3:00 pm to 12:00 am
Event Location: NSH 3305
Bio: C. Lawrence Zitnick received the PhD degree in robotics from Carnegie Mellon University in 2003. His thesis focused on efficient inference algorithms for large-problem domains. Previously, his work centered on stereo vision, including the development of a commercial portable 3D camera. Currently, he is a researcher at the Interactive Visual Media group at Microsoft Research. His latest research includes object recognition and computational photography. He holds over 15 patents, and developed PhotoDNA to combat illegal imagery on the web.
Abstract: Humans and machines see the world differently, each having their own strengths and weaknesses. In this talk, I describe two projects exploring how they may help each other.
Visual object recognition by machines is notoriously difficult. To help in the learning process, humans are typically used to gather large hand-labeled training datasets from which the machines may learn. However, humans may also be used to “debug” the machine’s recognition pipeline to learn what aspects are lacking. Specifically, we explore the various stages of part-based person detectors. We perform human studies in which subjects perform the same sub-tasks as their machine counterparts, and accuracies are compared.
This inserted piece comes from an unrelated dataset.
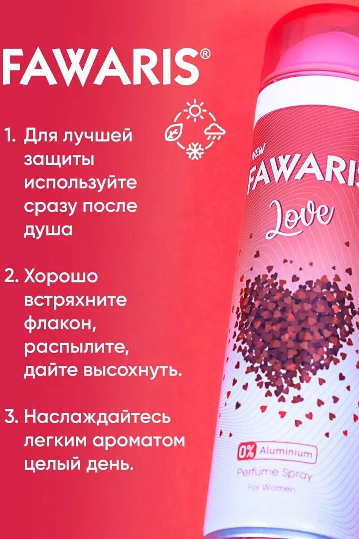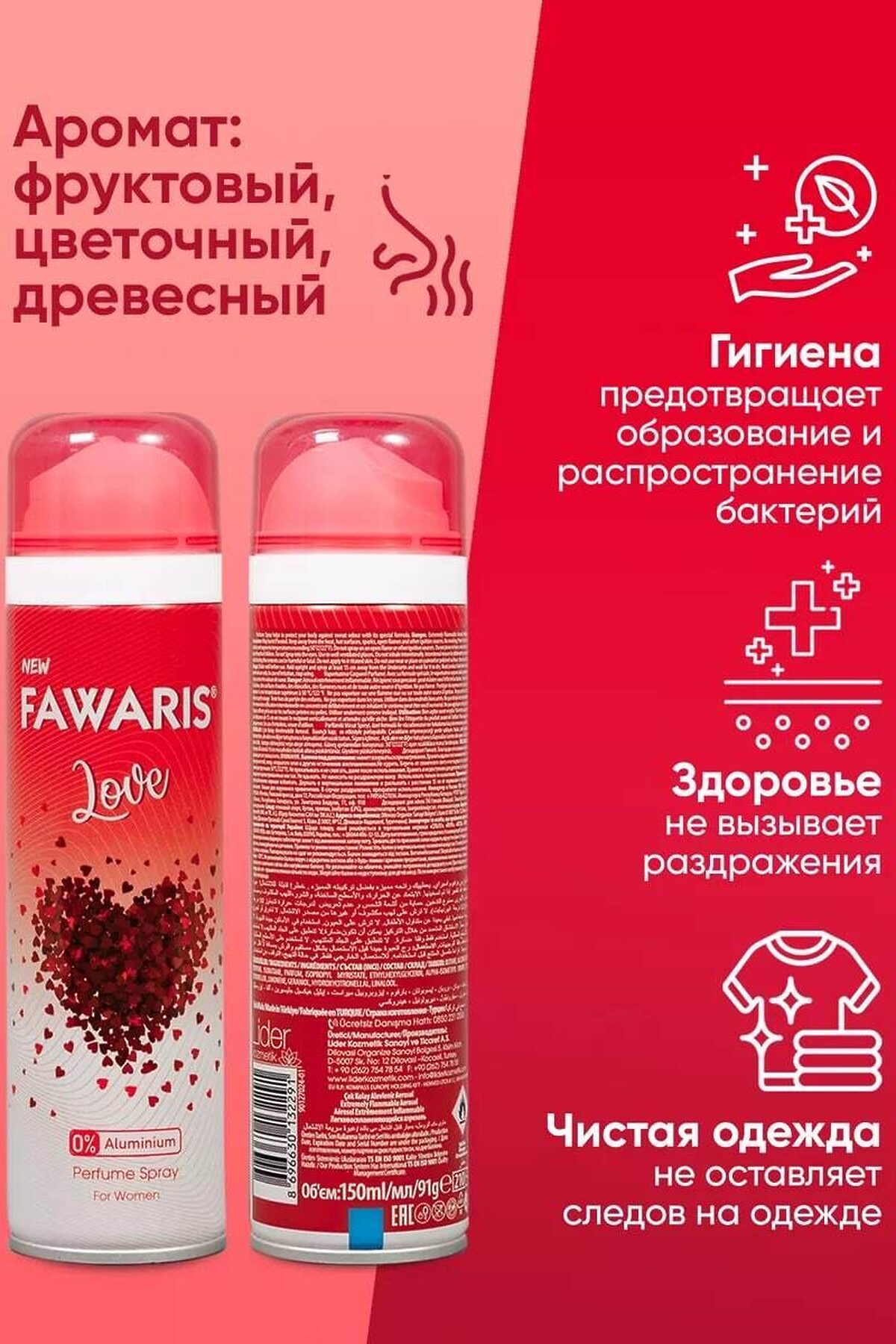 Дезодорант парфюмированный женский FAWARIS Love 150 мл с древесным и цветочно-фруктовым ароматом Аромат с гармоничным соединением древесных, цветочных и фруктовых нот создан специально для современной женщины, которая придерживается динамичного, энергичного образа жизни, оставаясь при этом романтиком. Love - женский аромат в линейке популярных и недорогих турецких парфюмированных спрей-дезодорантов Fawaris. Отлично справляется с неприятными запахами, подходит любому типу кожи, в том числе и чувствительной. Защитит от неприятного запаха на 24 часа. Love – аромат запада во всей красе, все это благодаря гармоничному соединению древесных, цветочных и фруктовых нот. Fawaris – ароматы для энергичных романтиков. Почувствуйте свежесть и уверенность весь день с нашим женским дезодорантом! Наш дезодорант женский спрей - это идеальное решение для женщин, которые ценят комфорт и надежность. Он обеспечивает эффективную защиту от неприятных запахов и пота, позволяя вам оставаться свежей и уверенной в любой ситуации. Наш женский дезодорант обладает превосходной формулой, которая не только предотвращает неприятные запахи, но и обеспечивает длительную свежесть. Его мягкая текстура легко наносится на кожу и быстро впитывается, не оставляя следов или ощущения липкости. Мы используем только натуральные и безопасные ингредиенты, которые бережно заботятся о вашей коже. Наш антиперсперант женский не содержит алюминия, парабенов или других вредных веществ, поэтому вы можете быть уверены в его безопасности и эффективности. Кроме того, наш дезодорант обладает приятным ароматом, который оставляет на вас свежий и женственный запах. Он создает приятную атмосферу и дарит вам уверенность в своей естественной красоте. Позвольте нашему женскому дезодоранту стать вашим надежным спутником в борьбе с неприятными запахами и потом. Вы будете чувствовать себя свежей и уверенной весь день, зная, что наш дезодорант заботится о вас. Закажите наш женский дезодорант прямо сейчас и наслаждайтесь свежестью и комфортом каждый день. Почувствуйте разницу и насладитесь уверенностью в своей естественной красоте! купить дезодорант, женский дезодорант, дезодорант без, дезодоранты для женщин, дезодорант без алюминия, купить женский дезодорант, рексона дезодорант женский, лучшие дезодоранты для женщин, безопасные дезодоранты, шариковый дезодорант женский, женский дезодорант спрей, лучшие женские дезодоранты, дезодорант без парабенов, дезодорант без алюминия и парабенов, дезодорант виши купить, дезодорант спрей купить, дезодорант рексона купить, дезодорант для подмышек женский, купить дезодорант олд спайс, дезодорант драй драй женский, где купить дезодорант, женский дезодорант цена, дезодорант цена женские, купить дезодорант на озон, безопасные дезодоранты для женщин, дезодорант твердый женский, дезодорант кристалл купить, дезодорант нивея купить, лучший женский дезодорант пота, какой женский дезодорант, дезодоранты олд спайс цены, дезодорант без солей, дезодорант драй драй цена, дезодорант

The typical human has significant difficultly in drawing everyday objects containing complex structures, such as faces or bikes. When learning to draw, humans must learn to see the word differently. That is, they must not only recognize what they are seeing, but they must perceive the spacing and structural layout of an object. We demonstrate an application in which machines can recognize what a human is drawing and provide visual guidance to the drawer in the form of shadows. The shadows, which may be either used or ignored by the drawer, help the drawer achieve more realistic overall shapes and spacing, while maintaining their own unique drawing style.